College of Life Science, State Key Laboratory of Crop Biology, Shandong Agricultural University, Tai'an 271018, PR China.
Plant Physiol Biochem. 2011 Oct;49(10):1228-37. doi: 10.1016/j.plaphy.2011.04.005. Epub 2011 Apr 14.
A tomato (Lycopersicon esculentum Mill.) chloroplast glutathione reductase gene (LeGR) was isolated and antisense transgenic tomato lines were obtained. Under chilling stress, transgenic plants accumulated more H(2)O(2), leaked more electrolyte and showed lower net photosynthetic rate (Pn), maximal photochemical efficiency of PSII (Fv/Fm) and oxidizable P700 compared with wild-type (WT) plants. Transgenic seedlings were more suppressed in fresh-weight growth and lost more cotyledon chlorophyll. The decrease in the activity of ascorbate peroxidase (APX) was implied to be potentially relevant to the greater accumulation of H(2)O(2) in transgenic plants. Chilling treatment induced more decrease in the level of reducted glutathione (GSH) and redox ratio of glutathione in transgenic plants than in WT plants, but aroused more increase in GSSG in transgenic plants than in WT plants. Total glutathione displayed no change. Besides, chilling stress resulted in greater decreases in the level of reducted ascorbate (AsA), total ascorbate and redox ratio of ascorbate in transgenic plants than in WT plants, but led to equivalent degree of dehydroascorbate (DHA) increase in WT and transgenic plants. These assessments of glutathione-ascorbate cycle revealed that the decrease of glutathione reductase activity in transgenic plants affected glutathione regeneration, and consequently affected ascorbate regeneration and total ascorbate content. This resulted in a greater accumulation of H(2)O(2) and an enhanced sensitivity to chilling stress in transgenic plants. Moreover, a putative concept model of ecophysiological reaction was discussed.

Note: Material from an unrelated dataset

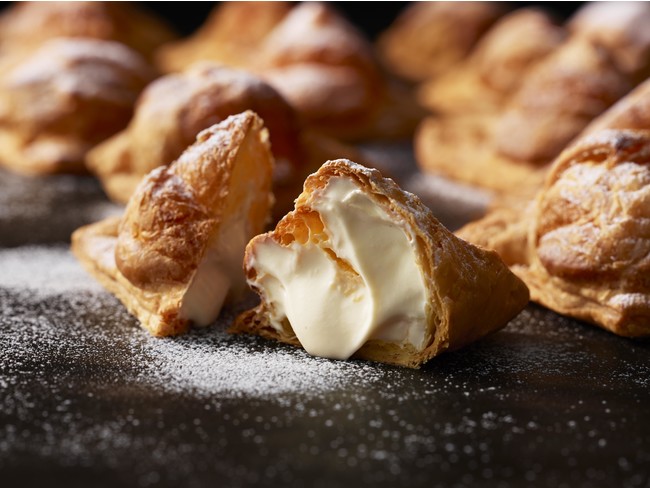 店内のオーブンで焼き上げたサックサクのパイに、北海道産ミルクをたっぷり使った特製のミルククリームをたっぷりと詰め込みました。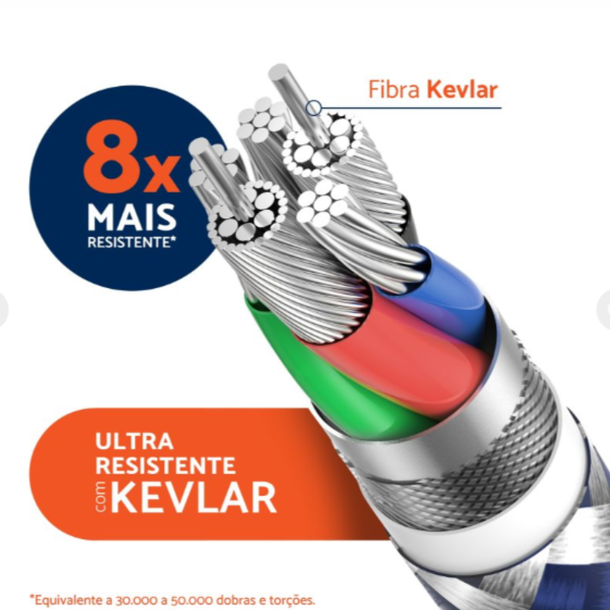 Revestimento interno em Kevlar: até 8x mais resistente que cabos comuns

番茄质体谷胱甘肽还原酶基因(LeGR)的分离及其反义转基因番茄系的获得。在冷胁迫下,转基因植株积累了更多的 H₂O₂,电解质泄漏更多,净光合速率(Pn)、最大光化学效率 PSⅡ(Fv/Fm)和可氧化 P700 比野生型(WT)植株更低。与 WT 植株相比,转基因幼苗的鲜重生长受抑制程度更大,子叶叶绿素损失更多。推测抗坏血酸过氧化物酶(APX)活性的降低可能与转基因植株中 H₂O₂的积累量更大有关。冷胁迫诱导转基因植株中还原型谷胱甘肽(GSH)和谷胱甘肽还原比的水平下降幅度大于 WT 植株,但诱导转基因植株中 GSSG 的增加幅度大于 WT 植株。总谷胱甘肽没有变化。此外,冷胁迫导致转基因植株中还原型抗坏血酸(AsA)、总抗坏血酸和抗坏血酸还原比的水平下降幅度大于 WT 植株,但导致 WT 和转基因植株中 DHA 的增加幅度相同。这些对谷胱甘肽-抗坏血酸循环的评估表明,转基因植株中谷胱甘肽还原酶活性的降低影响了谷胱甘肽的再生,进而影响了抗坏血酸的再生和总抗坏血酸含量。这导致了 H₂O₂的积累增加和转基因植株对冷胁迫的敏感性增强。此外,还讨论了一个关于生态生理学反应的概念模型。